The election had originally been scheduled for 17 June 2012, but President Macky Sall announced a change of date after saying there was not enough time to prepare for it and that he had consulted the opposition Senegalese Democratic Party (PDS) on the move.

==Results==
As a result of the new law on equal representation on party lists, 64 women were elected to the Assembly.

The United in Hope coalition included the Alliance for the Republic.
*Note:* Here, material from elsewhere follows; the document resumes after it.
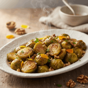 Im vorgeheizten Ofen für ca. 15 Minuten backen. Danach das Blech kurz aus dem Ofen nehmen, die grob gehackten Walnüsse über dem Rosenkohl verteilen und alles für weitere 8-10 Minuten backen, bis der Rosenkohl zart ist und die Ränder eine goldbraune, knusprige Färbung haben.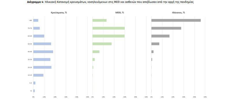 Ακολούθως παρουσιάζεται η ηλικιακή κατανομή των (α) συνολικών κρουσμάτων, (β) των περιστατικών που κατέληξαν σε θάνατο και (γ) των ασθενών που νοσηλεύονται διασωληνωμένοι:

| Party |  | Votes | % | Seats |  |  |  |  |
| National | Departmental | Total |
|  | United in Hope | 1,040,899 | 53.06 | 32 | 87 | 119 |
|  | Senegalese Democratic Party | 298,846 | 15.23 | 9 | 3 | 12 |
|  | Bokk Gis Gis | 143,180 | 7.30 | 4 | 0 | 4 |
|  | Citizen Movement for National Reform/Bes Du Ñakk | 113,321 | 5.78 | 4 | 0 | 4 |
|  | Republican Movement for Socialism and Democracy | 70,655 | 3.60 | 2 | 0 | 2 |
|  | Party for Truth and Development | 48,553 | 2.47 | 2 | 0 | 2 |
|  | Union for Democratic Renewal | 21,964 | 1.12 | 1 | 0 | 1 |
|  | Senegalese Patriotic Movement/Faxas | 21,868 | 1.11 | 1 | 0 | 1 |
|  | Patriotic Convergence for Justice and Equity | 20,762 | 1.06 | 1 | 0 | 1 |
|  | Party for the Emergence of Citizens/Tekki | 20,671 | 1.05 | 1 | 0 | 1 |
|  | Deggo Souxali Transport ak Commerce | 18,859 | 0.96 | 1 | 0 | 1 |
|  | Leeral Coalition | 17,791 | 0.91 | 1 | 0 | 1 |
|  | And-Jëf/African Party for Democracy and Socialism | 15,889 | 0.81 | 1 | 0 | 1 |
|  | Democratic Alliance | 14,841 | 0.76 | 0 | 0 | 0 |
|  | And Taxawal Askan Wi Coalition | 12,922 | 0.66 | 0 | 0 | 0 |
|  | Wallu Askan Senegal Coalition | 12,044 | 0.61 | 0 | 0 | 0 |
|  | Rally of the Ecologists of Senegal | 11,783 | 0.60 | 0 | 0 | 0 |
|  | Salam Coalition | 10,855 | 0.55 | 0 | 0 | 0 |
|  | Authentic Socialist Party | 9,577 | 0.49 | 0 | 0 | 0 |
|  | Lii Dal Na Xel coalition | 9,216 | 0.47 | 0 | 0 | 0 |
|  | Taxawu Askan Wi Party | 8,107 | 0.41 | 0 | 0 | 0 |
|  | Synergy for Progress and Democracy | 7,326 | 0.37 | 0 | 0 | 0 |
|  | Allied Coalition of the People | 6,717 | 0.34 | 0 | 0 | 0 |
|  | Citizen Democracy | 5,130 | 0.26 | 0 | 0 | 0 |
| Total |  | 1,961,776 | 100.00 | 60 | 90 | 150 |
| Valid votes |  | 1,961,776 | 99.64 |  |  |  |
| Invalid/blank votes |  | 7,076 | 0.36 |  |  |  |
| Total votes |  | 1,968,852 | 100.00 |  |  |  |
| Registered voters/turnout |  | 5,368,783 | 36.67 |  |  |  |
Source: Direction Générale des Élections

==Aftermath==
The pro-Sall United in Hope coalition won an overwhelming majority of seats in the National Assembly, 119 out of 150, while the PDS saw its share of seats plummet to only 12. The remaining 19 seats were distributed amongst an assortment of small parties. On 30 July 2012, one of Sall's most prominent allies, Moustapha Niasse, was elected as President of the National Assembly; he defeated a PDS deputy, Oumar Sarr. Niasse received 126 votes against 17 votes for Sarr; there were three blank votes. Eight vice-presidents were elected, including Awa Guèye as First Vice-President and Moustapha Cissé Lô as Second Vice-President. None of the vice-president posts went to a deputy from the opposition, leading it to complain that the majority had excluded it and ignored parliamentary tradition. While the opposition Liberals and Democrats Parliamentary Group was too few in number to guarantee it one of the posts, the opposition nevertheless felt that it should have been given a post for reasons of tradition and "dignity".